[Records contained in a dataset]
○ ○ ○

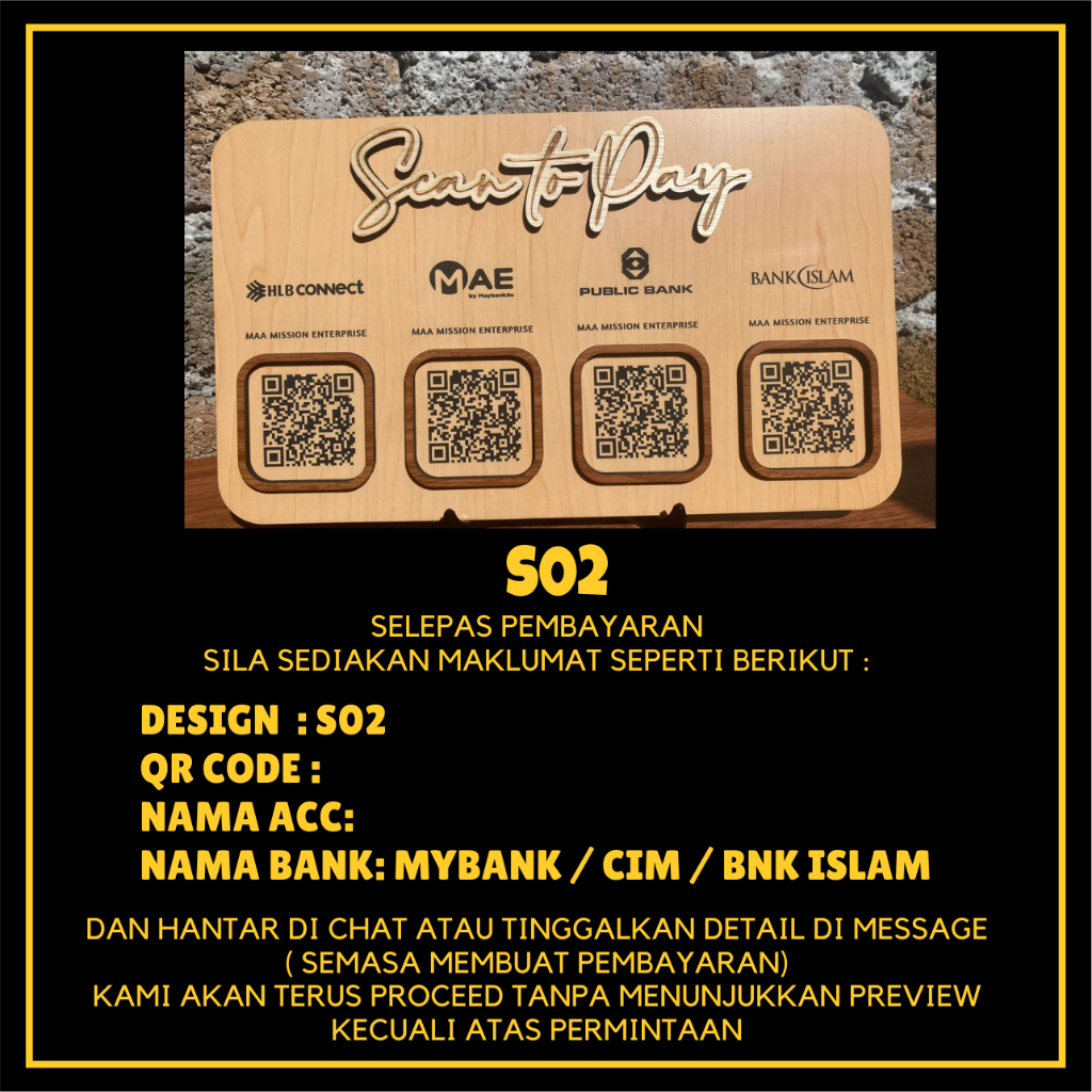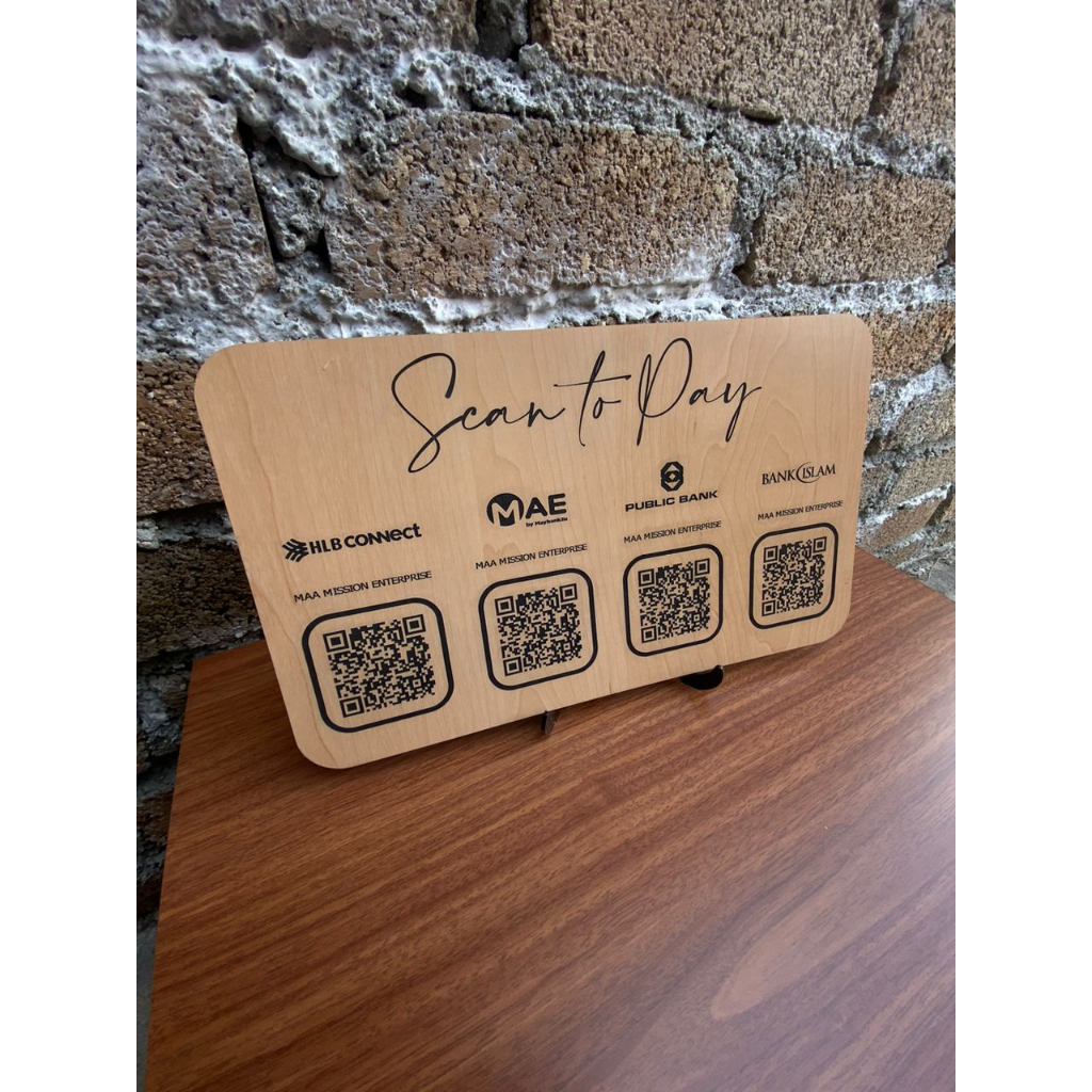 SCAN TO PAY QR CODE MAE / MAYBANK QRPAY/ TNG/ GRAB PAY WOOD LAMINATE ENGRAVING
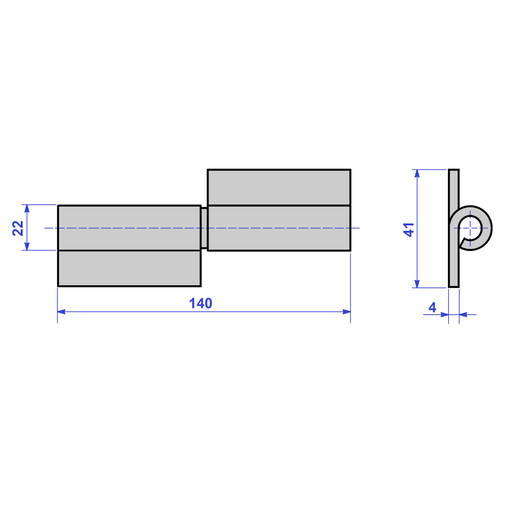 Гаражная петля на площадке 140х22 изготовлена путем сгибания стальной пластины в петлю круглой формы. Вставной штырь фиксируется при помощи запрессованной шайбы. Предназначена для навешивания металлических дверей или ворот дома, гаража или хозяйственной постройки.
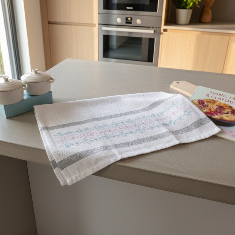 Alors pour les retenir, quoi de plus sympathique qu’un joli torchon. Et quoi de mieux que des arabesques brodées main pour inciter
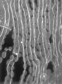 Nachweis von Aktinfilamenten durch indirekte Immunfluoreszenz in Strängen des cortikalen Plasmas von Chara. Die Chloroplasten erscheinen im Bild aufgrund ihrer roten Eigenfluoreszenz grau. (R. WILLIAMSON, 1984).
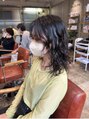 顔まわりは円錐、表面は中間巻きのスパイラルパーマ
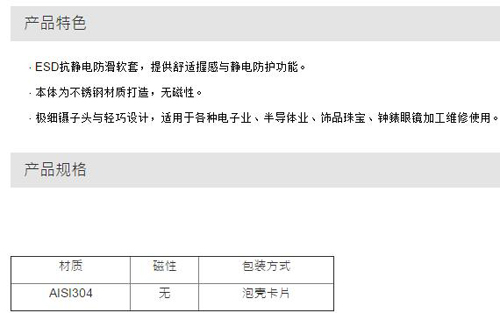 > 全部产品分类 > 五金工具 > 手动工具 > 电力/电子专用 > 防静电 > 防静电防滑软套圆尖镊子
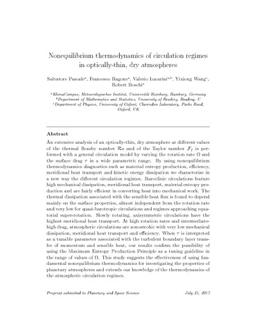 Nonequilibrium thermodynamics of circulation regimes in optically thin, dry atmospheres.
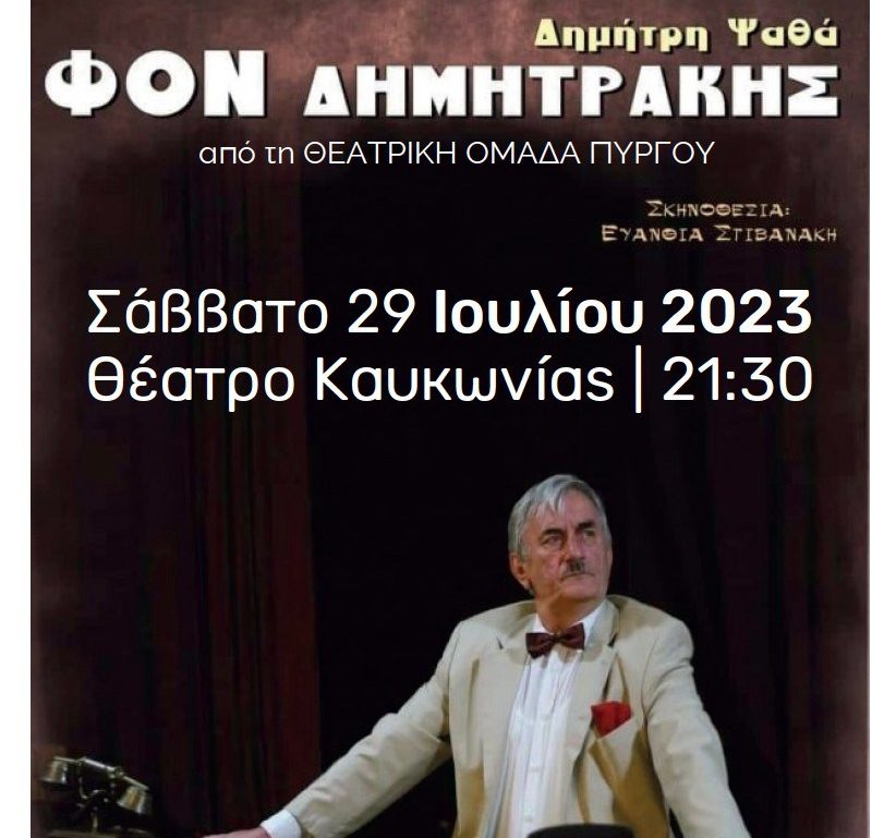 Το πάντα επίκαιρο έργο του Δημήτρη Ψαθά, τον Φον Δημητράκης στο θέατρο Καυκωνίας σε σκηνοθεσία της Ευανθίας Στιβανάκη θα παρουσιάσει, στο πλαίσιο του Διεθνές Φεστιβάλ Τεχνών Αρχαίας Ολυμπίας, η ΘΕΑΤΡΙΚΗ ΟΜΑΔΑ ΠΥΡΓΟΥ.
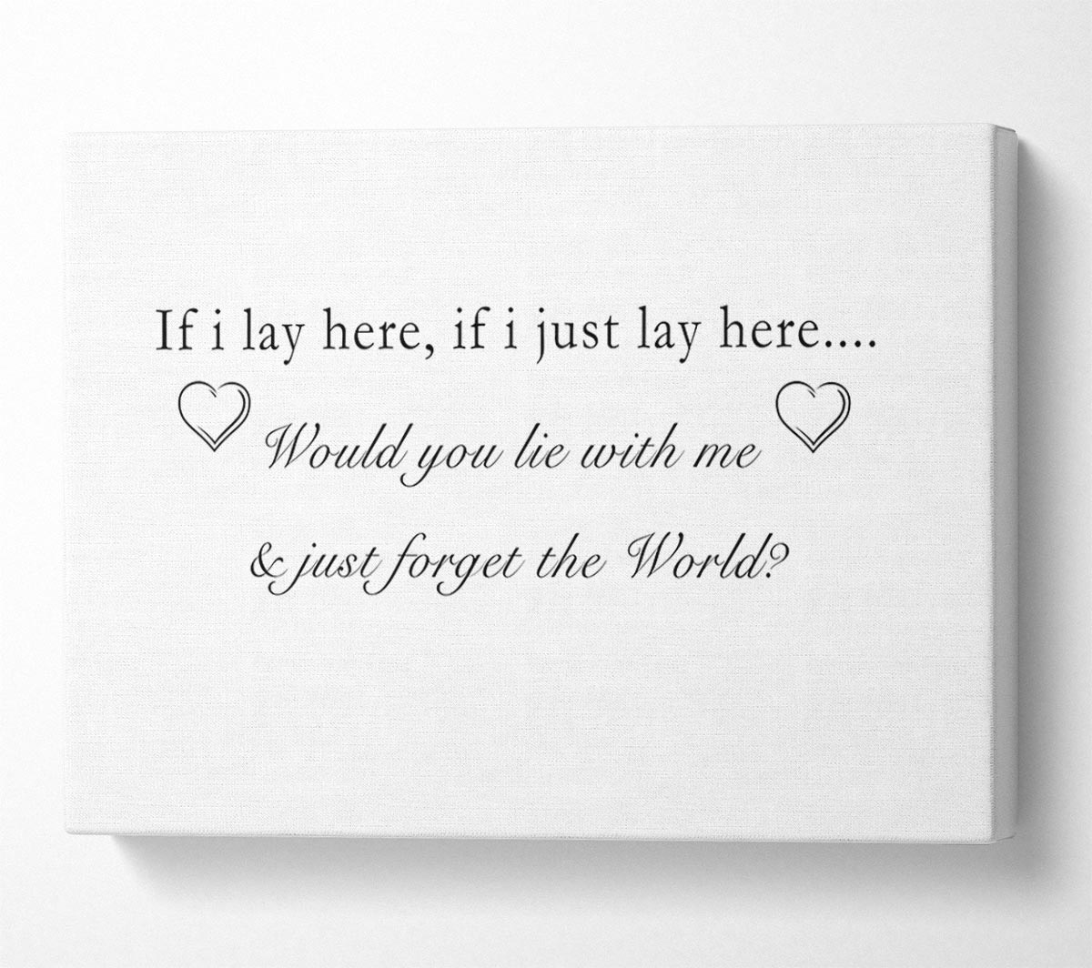 Music Quote If I Lay Here Snow Patrol White Canvas Print handmade in the UK. Stretched over a 2 inch thick wooden box frame, ready to hang on your wall.
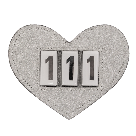 Numer startowy w kształcie serca z dyskretnym brokatem.
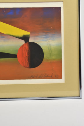 Continue shoppingVintage geometric screenprint rendered in high-contrast color. A vivid red and black circle intersects with a sharp yellow angular form, set against a layered backdrop of softly blended horizon-like bands. Titled Altered Space in the lower left and signed Michael Richard '85 in the lower right.
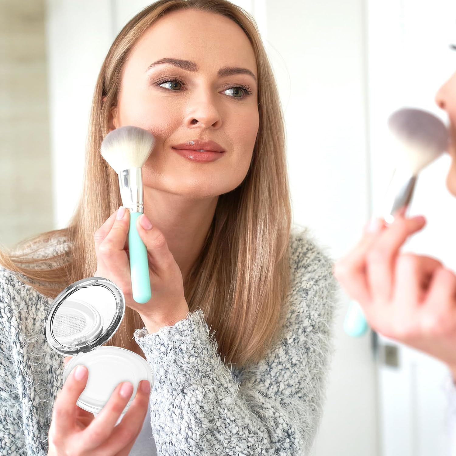- Thoughtful design: The makeup container is equipped with a powder puff, which is convenient for you to quickly touch up your makeup when needed. The powder puff is soft, comfortable, and gentle on the skin. The powder puff has excellent powder absorption and is equipped with a mesh filter to help you evenly apply loose powder for a natural and docile makeup. This loose powder box also comes with a mirror so that you can check your makeup when you touch up your makeup
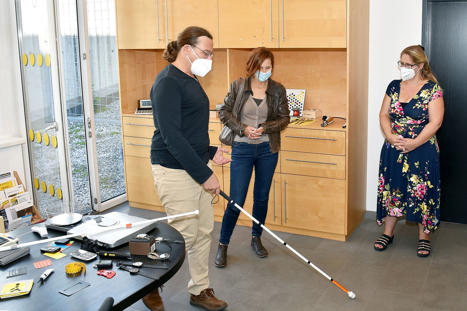 Ein weiteres Angebot des Verbands stellt die Rehabilitation für Blinde und Sehbehinderte dar. Im Zuge dessen werden die Betroffenen begleitet und ihre Fähigkeit zur Bewältigung von Alltagssituationen geschult „Im Mittelpunkt steht das Training von Orientierung und Mobilität. Hierbei geht es um Techniken – etwa der Umgang mit dem Blindenstock – die helfen, sich auch außerhalb der eigenen vier Wände zurecht zu finden“, erklärt Christian Wanka, Koordinator der Rehabilitationsabteilung. „Zudem unterstützen wir Menschen im Training von 'lebenspraktischen Fertigkeiten'. Diese reichen vom Lesen der Blindenschrift bis zu alltäglichen Herausforderungen, wie etwa dem Nägel-Knipsen. Immer mehr spielt auch der Umgang mit digitalen Hilfsmitteln, wie etwa Smartphones oder Computer, eine wichtige Rolle. All dies erweitert letztlich den Handlungs- und Bewegungsradius und fördert die Möglichkeit der Blinden- und Sehbehinderten sich mobil im öffentlichen Raum zu bewegen.“
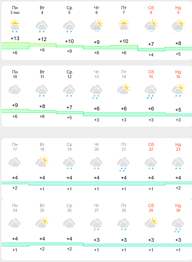 Водночас у великих містах температура може і не піти нижче нуля. Згідно з прогнозом на листопад, у Києві вночі після похолодання очікується +1 та +2 у деякі дні.
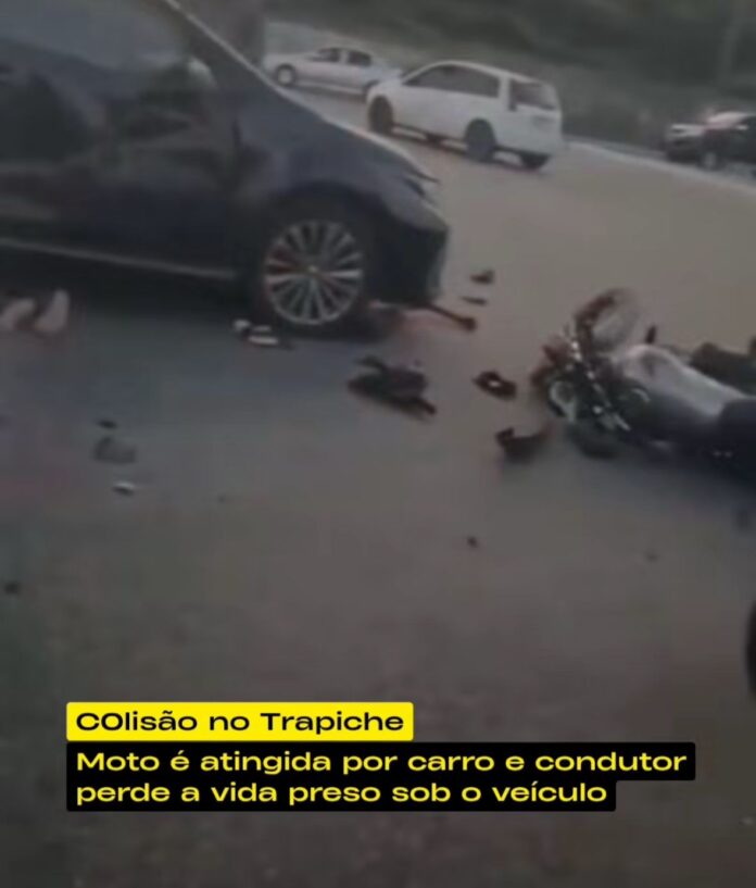 Um grave acidente foi registrado na manhã desta segunda-feira (13) na rotatória do Trapiche, próximo à Braskem, em Maceió. A colisão envolveu um carro e uma motocicleta, resultando na morte do motociclista, que ficou preso sob o veículo após o impacto.
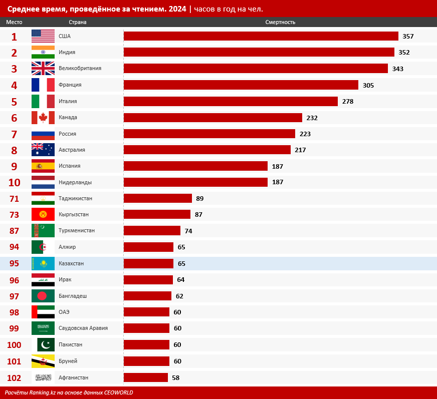 В США — самой читающей стране — каждый житель в среднем проводил за чтением книг 357 часов в год. Следом идут Индия (352 часа), Великобритания (343 часа), Франция (305 часов) и Италия (278 часов).
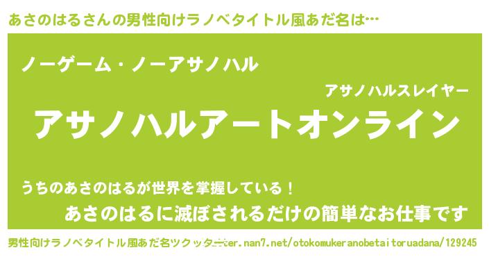 | 女子向けラノベタイトル風あだ名 | 『誰かこのあさのはるを説明してください! ~契約から始まるウェディング~』 |

○ ○ ○

The response consists of the data above printed line for line, with no pictures.

 SCAN TO PAY QR CODE MAE / MAYBANK QRPAY/ TNG/ GRAB PAY WOOD LAMINATE ENGRAVING
 Гаражная петля на площадке 140х22 изготовлена путем сгибания стальной пластины в петлю круглой формы. Вставной штырь фиксируется при помощи запрессованной шайбы. Предназначена для навешивания металлических дверей или ворот дома, гаража или хозяйственной постройки.
 Alors pour les retenir, quoi de plus sympathique qu’un joli torchon. Et quoi de mieux que des arabesques brodées main pour inciter
 Nachweis von Aktinfilamenten durch indirekte Immunfluoreszenz in Strängen des cortikalen Plasmas von Chara. Die Chloroplasten erscheinen im Bild aufgrund ihrer roten Eigenfluoreszenz grau. (R. WILLIAMSON, 1984).
 顔まわりは円錐、表面は中間巻きのスパイラルパーマ
 > 全部产品分类 > 五金工具 > 手动工具 > 电力/电子专用 > 防静电 > 防静电防滑软套圆尖镊子
 Nonequilibrium thermodynamics of circulation regimes in optically thin, dry atmospheres.
 Το πάντα επίκαιρο έργο του Δημήτρη Ψαθά, τον Φον Δημητράκης στο θέατρο Καυκωνίας σε σκηνοθεσία της Ευανθίας Στιβανάκη θα παρουσιάσει, στο πλαίσιο του Διεθνές Φεστιβάλ Τεχνών Αρχαίας Ολυμπίας, η ΘΕΑΤΡΙΚΗ ΟΜΑΔΑ ΠΥΡΓΟΥ.
 Music Quote If I Lay Here Snow Patrol White Canvas Print handmade in the UK. Stretched over a 2 inch thick wooden box frame, ready to hang on your wall.
 Numer startowy w kształcie serca z dyskretnym brokatem.
 Continue shoppingVintage geometric screenprint rendered in high-contrast color. A vivid red and black circle intersects with a sharp yellow angular form, set against a layered backdrop of softly blended horizon-like bands. Titled Altered Space in the lower left and signed Michael Richard '85 in the lower right.
- Thoughtful design: The makeup container is equipped with a powder puff, which is convenient for you to quickly touch up your makeup when needed. The powder puff is soft, comfortable, and gentle on the skin. The powder puff has excellent powder absorption and is equipped with a mesh filter to help you evenly apply loose powder for a natural and docile makeup. This loose powder box also comes with a mirror so that you can check your makeup when you touch up your makeup
 Ein weiteres Angebot des Verbands stellt die Rehabilitation für Blinde und Sehbehinderte dar. Im Zuge dessen werden die Betroffenen begleitet und ihre Fähigkeit zur Bewältigung von Alltagssituationen geschult „Im Mittelpunkt steht das Training von Orientierung und Mobilität. Hierbei geht es um Techniken – etwa der Umgang mit dem Blindenstock – die helfen, sich auch außerhalb der eigenen vier Wände zurecht zu finden“, erklärt Christian Wanka, Koordinator der Rehabilitationsabteilung. „Zudem unterstützen wir Menschen im Training von 'lebenspraktischen Fertigkeiten'. Diese reichen vom Lesen der Blindenschrift bis zu alltäglichen Herausforderungen, wie etwa dem Nägel-Knipsen. Immer mehr spielt auch der Umgang mit digitalen Hilfsmitteln, wie etwa Smartphones oder Computer, eine wichtige Rolle. All dies erweitert letztlich den Handlungs- und Bewegungsradius und fördert die Möglichkeit der Blinden- und Sehbehinderten sich mobil im öffentlichen Raum zu bewegen.“
 Водночас у великих містах температура може і не піти нижче нуля. Згідно з прогнозом на листопад, у Києві вночі після похолодання очікується +1 та +2 у деякі дні.
 Um grave acidente foi registrado na manhã desta segunda-feira (13) na rotatória do Trapiche, próximo à Braskem, em Maceió. A colisão envolveu um carro e uma motocicleta, resultando na morte do motociclista, que ficou preso sob o veículo após o impacto.
 В США — самой читающей стране — каждый житель в среднем проводил за чтением книг 357 часов в год. Следом идут Индия (352 часа), Великобритания (343 часа), Франция (305 часов) и Италия (278 часов).
 | 女子向けラノベタイトル風あだ名 | 『誰かこのあさのはるを説明してください! ~契約から始まるウェディング~』 |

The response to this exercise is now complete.